Ive also got one of those old school 800 # capacity hitch haulers but he isn't strong enough to put it on the Tahoe by himself- that would work good with the ramp I made, its just that I am not around when he is having to leave,and we don't want to leave the hitch hauler on the back all the time (he'll forget about it and back into someone)

I miss having a bigger yard and a walk out basement for this type stuff..


----------



## jeb6294 (May 28, 2016)

Success!!! I got a set of three replacement blades and new flange nuts for all three from Amazon for $40. The freakin' nuts were $5 apiece, but I did a little checking and it looks like they're some goofy size so I went ahead and got them to avoid the hassle.

The nut on the center blade was pretty mangled and it wasn't budging after soaking it with PB so I took the grinder to it. I cut the nut off on two sides parallel to each other and ended up with two flat sides. I threw my biggest pipe wrench on it and whacked it with a BFH and that did the trick. Ratchet and breaker bar took care of the other two. New blades\nuts went on easy peasy. Made one swipe around the yard and it seems to be cutting much better than it ever was before.


----------



## Road Guy (Jul 27, 2016)

&lt;placeholder&gt;


----------



## Road Guy (Jul 27, 2016)

So for you fellow shade tree mechanics out there. The box on the right of this picture is the air filter that covers up what I think is also the fuel filter?

The mower barely runs, except for when I remove the black box - air filter, then it runs like normal? Ive tried cleaning the thing out, etc, but every time I put it back together it barely runs above idle and chokes out when you actually mow grass?

Any thoughts? We also replaced the spark plug and put high test gas in it?

Do these small mowers have fuel filters? This is like a $250 Toro..


----------



## MA_PE (Jul 27, 2016)

would be better to take an overall picture with and without the cover. 

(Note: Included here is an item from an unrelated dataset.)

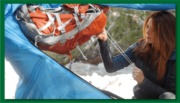 バックパックを内部に吊るすことで、バッグの中身も簡単に取り出せます。

Does this mower have a regular throttle lever of just a run/stop button?  If it's run/stop when you reinstall the cover does the plastic cover hit any linkage (i.e. the wire in the picture?  I wondering if the cover is restricting movement of the throttle which is likely controlled by a governor


----------



## Supe (Jul 27, 2016)

Have you replaced the air filter?  Could also be running rich, too.


----------



## Road Guy (Jul 27, 2016)

Can do when I get home.(pics)

and it just sort of started acting sluggish so we didn't take the cover off until after the problem started, it doesn't look like anything is constricted, its almost like it isn't getting enough air?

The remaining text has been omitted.